Hydrodynamics of Heisenberg Ferromagnets

Abstract

A microscopic derivation is given of hydrodynamic equations and response functions for uniaxial and isotropic exchange Heisenberg ferromagnets. The method is based on the conservation laws and makes no use of a quasiparticle picture. At low temperatures, the hydrodynamic equations involve the $z$ component of the magnetization, the local temperature, and the approximately conserved momentum.

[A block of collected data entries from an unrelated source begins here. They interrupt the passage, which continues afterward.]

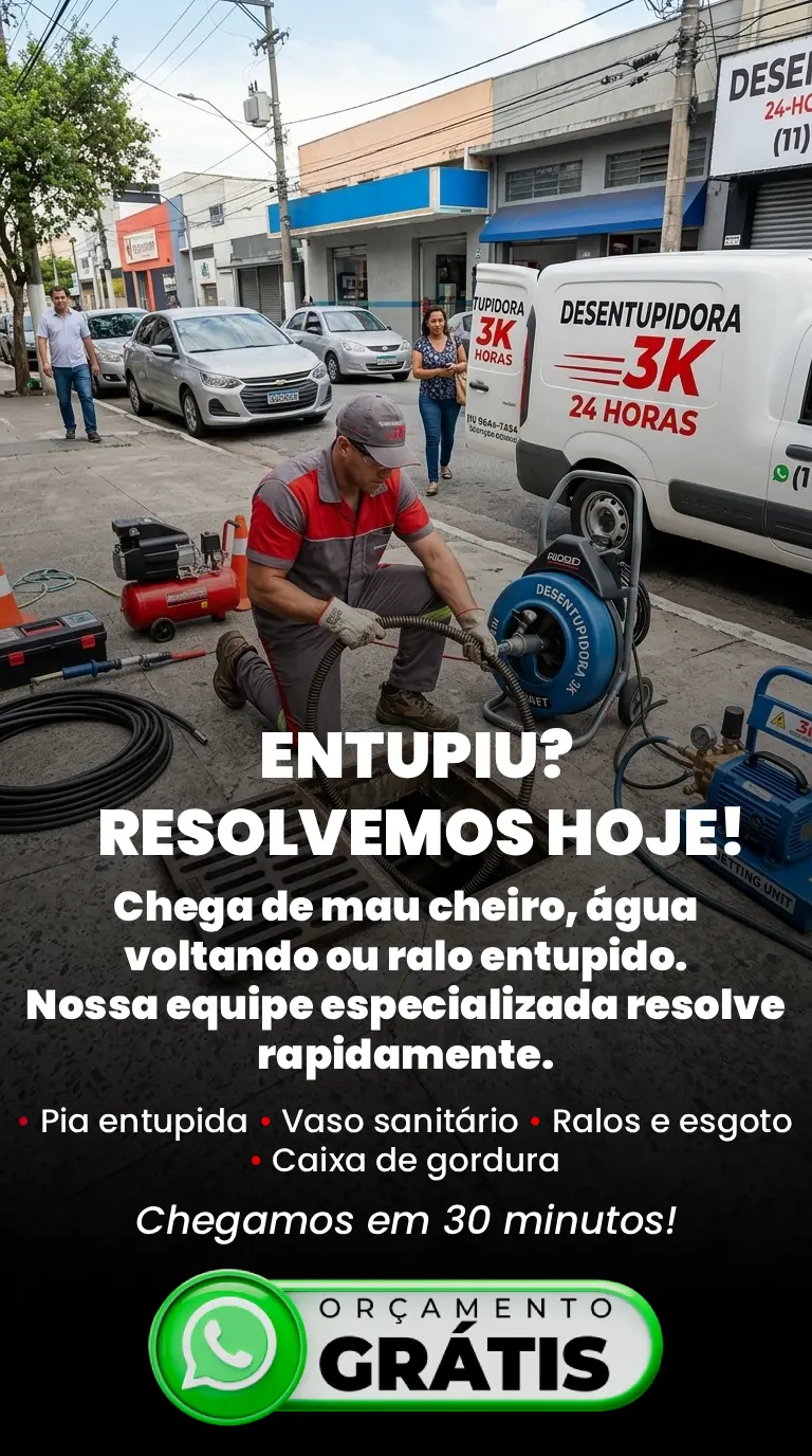 A Desentupidora 3K é a sua solução definitiva em São Paulo. Unimos tecnologia de ponta e especialistas prontos para eliminar qualquer obstrução com agilidade extrema, limpeza total e o orçamento que cabe no seu bolso.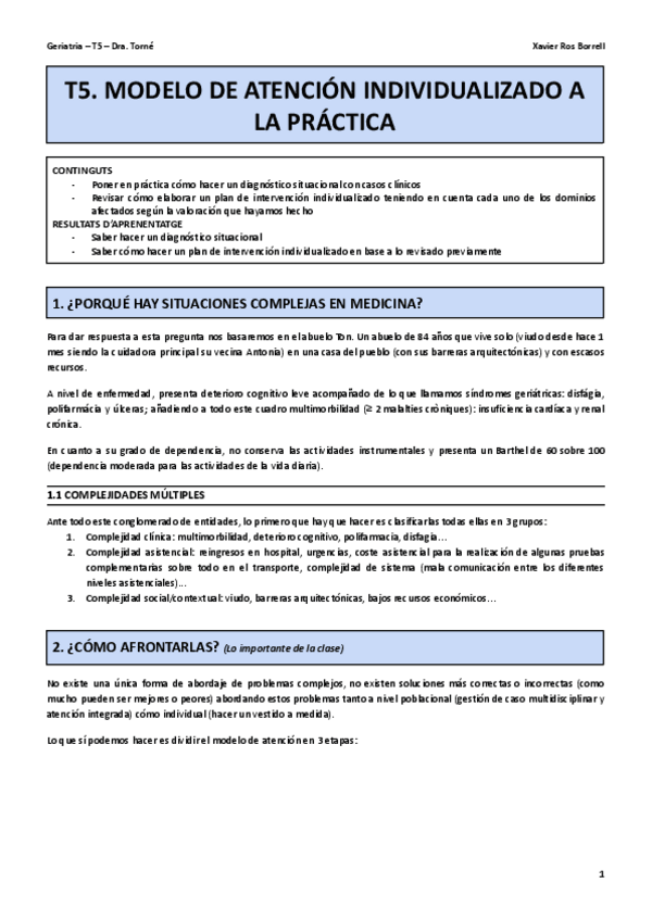 He publicado nuevos apuntes de 5º La Continuïtat Vital. Canvis en l'Organisme: Envelliment: Magis Geriatría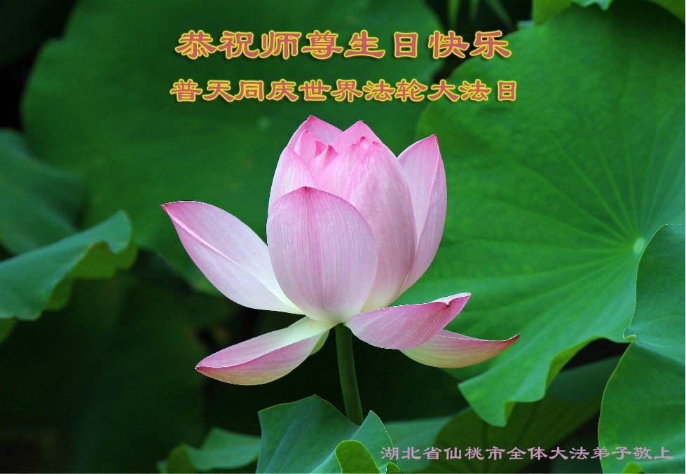 湖北省仙桃市全体大法弟子恭祝慈悲伟大的师尊生日快乐!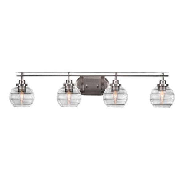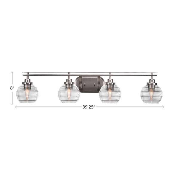 Monroe 39.25 in. 4-Light Brushed Nickel Vanity Light with 6 in. Clear Ribbed Glass Shade no Bulbs Included

In addition to a diffusive mode, there is a propagating mode, the second magnon, which is strongly coupled to the $z$ component of the magnetization and may be observed by neutron scattering, and, in transparent ferromagnets, by Brillouin scattering (e.g., in Eu compounds and Cr${\mathrm{Br}}_{3}$). The strength of this mode depends on the magnetic field and anisotropy. For zero external field and no anisotropy, the longitudinal susceptibility diverges for wave number $q\ensuremath{\rightarrow}0$. The velocities and diffusion constants in the hydrodynamic equations become $q$ dependent. Then, also, the transverse spin components perform low-frequency oscillations. For higher temperatures, the momentum is no longer conserved, and the hydrodynamic equations reduce to two coupled diffusion equations for the local temperature and magnetization. For $T>{T}_{c}$ and zero external field, the spin density and energy obey uncoupled diffusion equations.